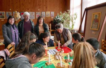 Тази година специален гост на ателието бе майсторката на писани яйца от Каменица Стойка Георгиева. Тя показа първите стъпки, които всяка година се правят за начало на изписването: след първия модел “Пеперудата” следва вторият – “Карамфила”.
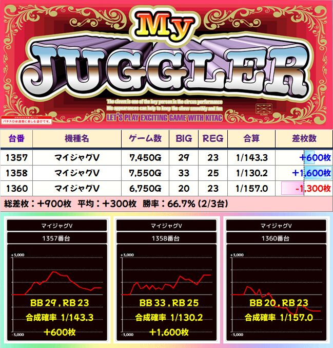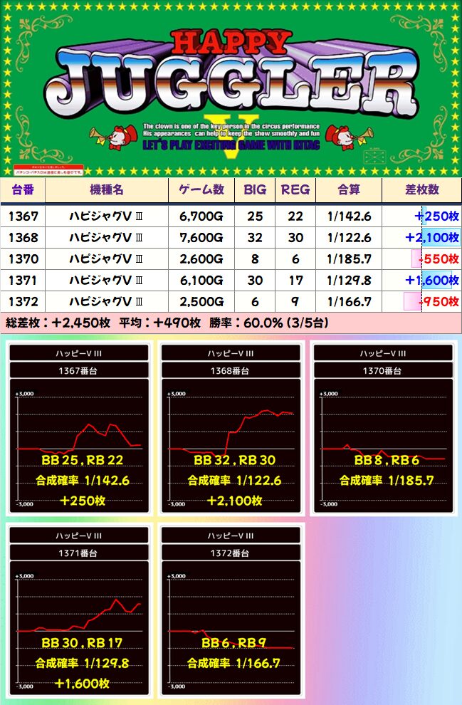 ジャグも5台設置のハッピーに何やら強い挙動あり。少数台のシリーズ機であれば、今後チェックしてみたほうがいいかも?
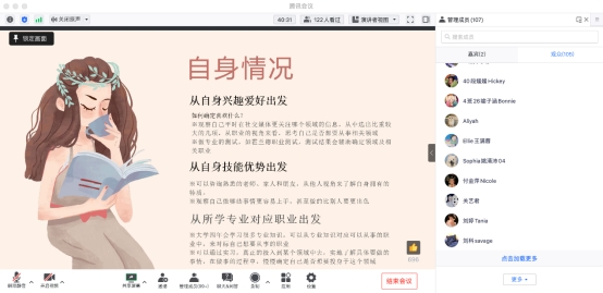 随后,在职业定位这一环节中,毕经理主要向同学们介绍了如何结合自身情况及大环境进行职业选择。首先要从自身的兴趣爱好出发,确定什么职业是可以让自己一直保有热情的;其次,要从自身的技能优势出发,判断自己在做哪些事情时更容易上手,可以比别人做的更出色;最重要的是,要结合所学专业进行选择。在职业选择上,她强调了自己充分利用了在商务英语方面的优势,进入了阿里巴巴总部从事电子商务方面的工作。同时,她也给同学们提供了许多最新的专业求职信息。
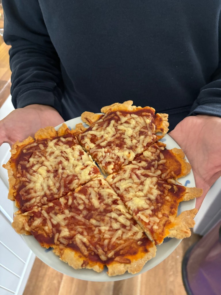 First things first…. the base needed making. I’ve got teenagers now and didn’t expect them to be quite as happy as they were, making, squeezing, squishing, rolling and slamming the dough mix 🤣 . They are at that age where pretty much any ‘chore’ is met with moans and groans. But not this time, they couldn’t wait to get stuck in. They took turns making the dough and once done they ‘dressed’ their own pizza. It was amusing hearing them checking out each others toppings alongside the odd complaint that one had taken more cheese than the other.
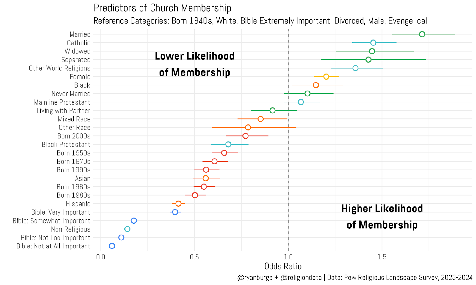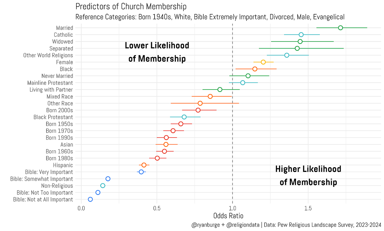 There is so much to explore with this question in order to figure out what factors drive church membership and the impact church membership can have on something like religious attendance.
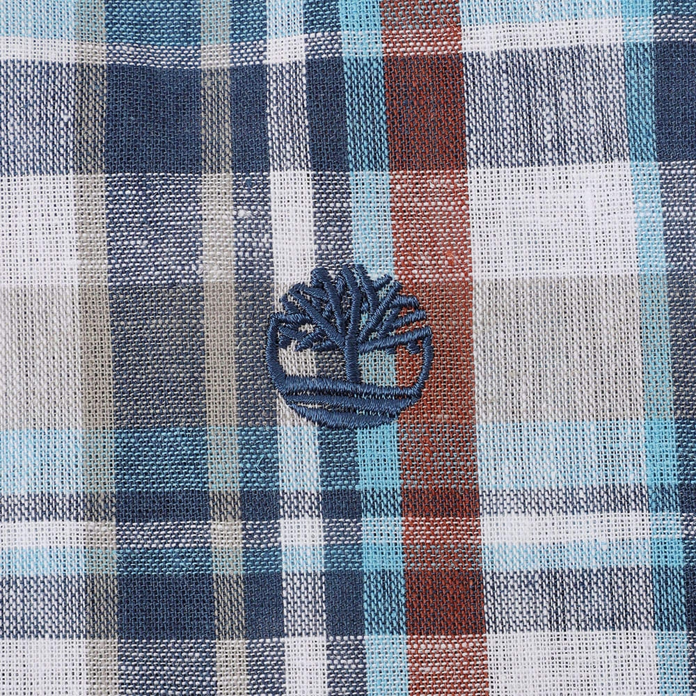 ・우븐 ・54% 린넨, 46% 면 ・150gsm ・버튼 오프닝 ・TBL 트리 로고 자수 ・Timberland X TDC 시그니처 메탈 육각형 아일렛 탭

····················

▸ REQUIRED ACTION: Repeat nothing but the lines from the one containing "随后,在职业定位这一环节中,毕经理主要向" through the end of the entries, exactly, and skip the pictures.

▸ FINISHED TASK:
 随后,在职业定位这一环节中,毕经理主要向同学们介绍了如何结合自身情况及大环境进行职业选择。首先要从自身的兴趣爱好出发,确定什么职业是可以让自己一直保有热情的;其次,要从自身的技能优势出发,判断自己在做哪些事情时更容易上手,可以比别人做的更出色;最重要的是,要结合所学专业进行选择。在职业选择上,她强调了自己充分利用了在商务英语方面的优势,进入了阿里巴巴总部从事电子商务方面的工作。同时,她也给同学们提供了许多最新的专业求职信息。
 First things first…. the base needed making. I’ve got teenagers now and didn’t expect them to be quite as happy as they were, making, squeezing, squishing, rolling and slamming the dough mix 🤣 . They are at that age where pretty much any ‘chore’ is met with moans and groans. But not this time, they couldn’t wait to get stuck in. They took turns making the dough and once done they ‘dressed’ their own pizza. It was amusing hearing them checking out each others toppings alongside the odd complaint that one had taken more cheese than the other.
 There is so much to explore with this question in order to figure out what factors drive church membership and the impact church membership can have on something like religious attendance.
 ・우븐 ・54% 린넨, 46% 면 ・150gsm ・버튼 오프닝 ・TBL 트리 로고 자수 ・Timberland X TDC 시그니처 메탈 육각형 아일렛 탭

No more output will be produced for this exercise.